146.75 (1.44%) 米国株6日続伸、ダウ平均146ドル高 業績期待で3週間ぶり高値
13日の米株式相場は大幅に6日続伸し、
ダウ工業株30種平均は前日比146ドル75セント(1.4%)高の1万0363ドル02セントで終えた。
前日に非鉄大手アルコアが発表した2010年4~6月期決算が予想を上回り、
米企業の業績改善への期待が強まった。外国為替市場でドルが対ユーロで売られ、
ドル建てで取引される原油先物など国際商品相場が上昇。
素材やエネルギー株が買われたことも相場を押し上げた。
ダウ平均が6日続伸するのは、4月19~26日以来2カ月半ぶり。
6日間の上昇率は7%で、水準は6月21日以来ほぼ3週間ぶりの高さになった。
ハイテク株の比率が高いナスダック総合指数は、
前日比43.67ポイント(2.0%)高の2242.03と6月23日以来の高値で終えた。
取引終了後に4~6月期決算の発表を控えた半導体大手インテルが2%あまり上昇した。
アルコアが前日夕に発表した4~6月期決算は、売上高と1株利益が市場予想を上回った。
10年の世界のアルミ需要見通しも上方修正し、素材株全般に買いが入った。
米格付け会社ムーディーズ・インベスターズ・サービスが13日にポルトガルの格付けを引き下げたが
同日のポルトガルの株式相場はほぼ横ばい圏で取引を終えた。
「欧州の財政不安はほぼ織り込んだ」との見方が買い安心感につながったとの指摘もあった。
業種別S&P500種株価指数は全10業種が上昇した。
「素材」のほか、「金融」や「消費循環」など景気動向に収益が左右されやすいとされる業種の上昇が目立った。ニューヨーク証券取引所(NYSE)の売買高は約11億4000万株(速報値)、
ナスダック市場は約22億6000万株(同)だった。
朝方に増配を発表した半導体製造装置のKLAテンコールが6%近い急伸。
前日夕に予想以上の四半期決算を発表した同業のノベラス・システムズも大幅に上昇した。
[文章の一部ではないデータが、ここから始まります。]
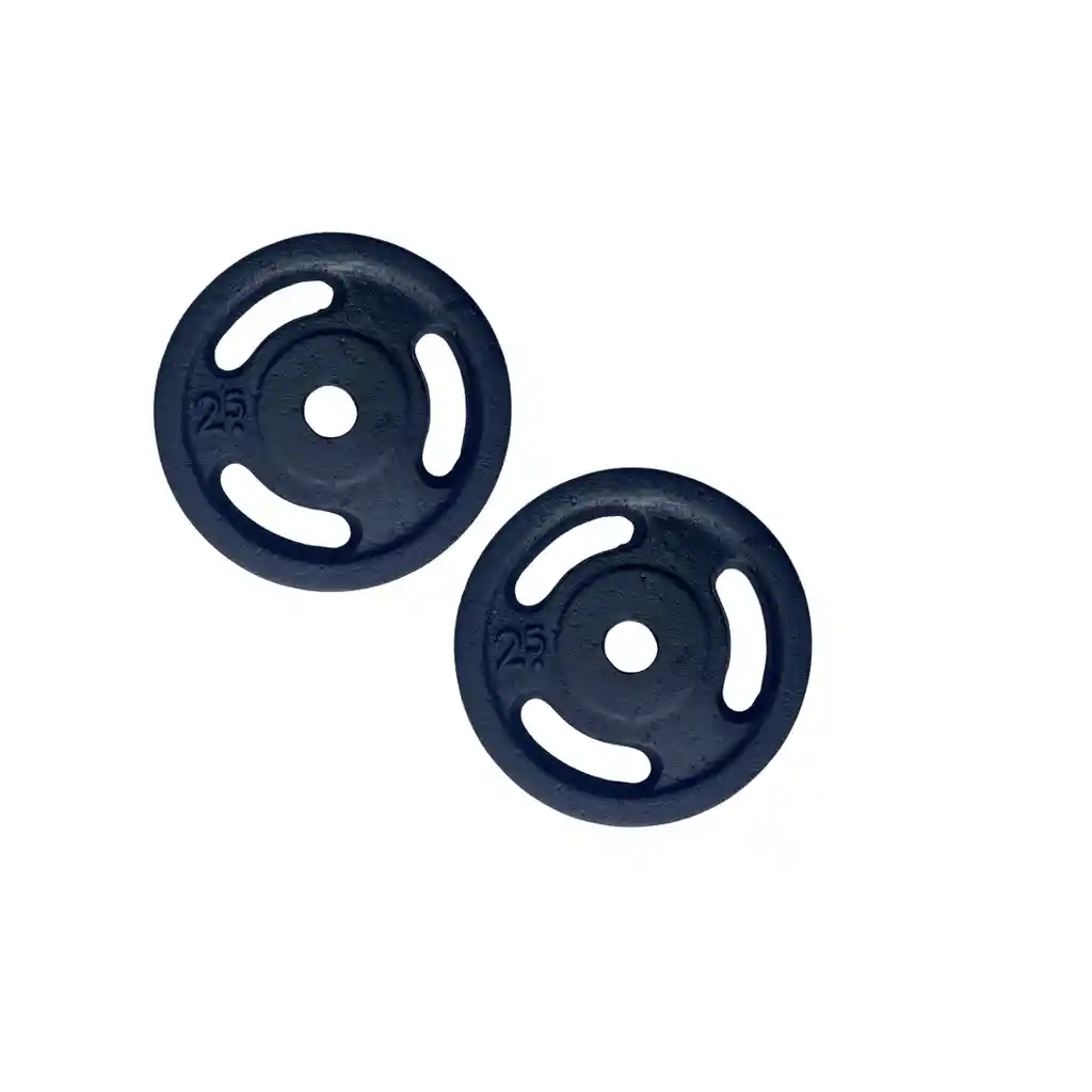 Discos en hierro fundido Características: Material: Hierro fundido Diámetro externo: 19.5 centímetros Diamétro interno 1 pulgada Peso: 2.5kg cada disco aprox 5lb Incluye 2 discos Peso total 5kg Beneficios: -Peso completamente garantizado. -Pintura negro brillante. -Vuéltete más fuerte añadiendo mas peso en tus entrenamientos. Cast Iron Discs for 1" Standard Bars | CAP Barbell | Weight Plates Features: Material: Cast Iron Outer Diameter: 19.5 centimeters Inner Diameter 1 inch Weight: 2.5kg each disc approx 5lb Includes 2 discs Total Weight 5kg Benefits: -Fully guaranteed weight. -Gloss black paint. -Get stronger by adding more weight to your workouts.

4~6月期の利益が前の期よりも高くなったもようだと前日夕に発表した石油大手シェブロンが2%近く上昇した。
ダウ平均構成銘柄では建機大手キャタピラーが4%近く上昇し、
上昇率首位。JPモルガン・チェースやアメリカン・エキスプレス、
バンク・オブ・アメリカといった金融株が軒並み上昇した。アルコアは1%あまり上げた。
一方、高機能携帯電話「iPhone(アイフォーン)4」の電波の受信状況に対する利用者の
不満の声が高まっているアップルが続落した。
ダウ平均構成銘柄では製薬大手ファイザーが唯一下落した。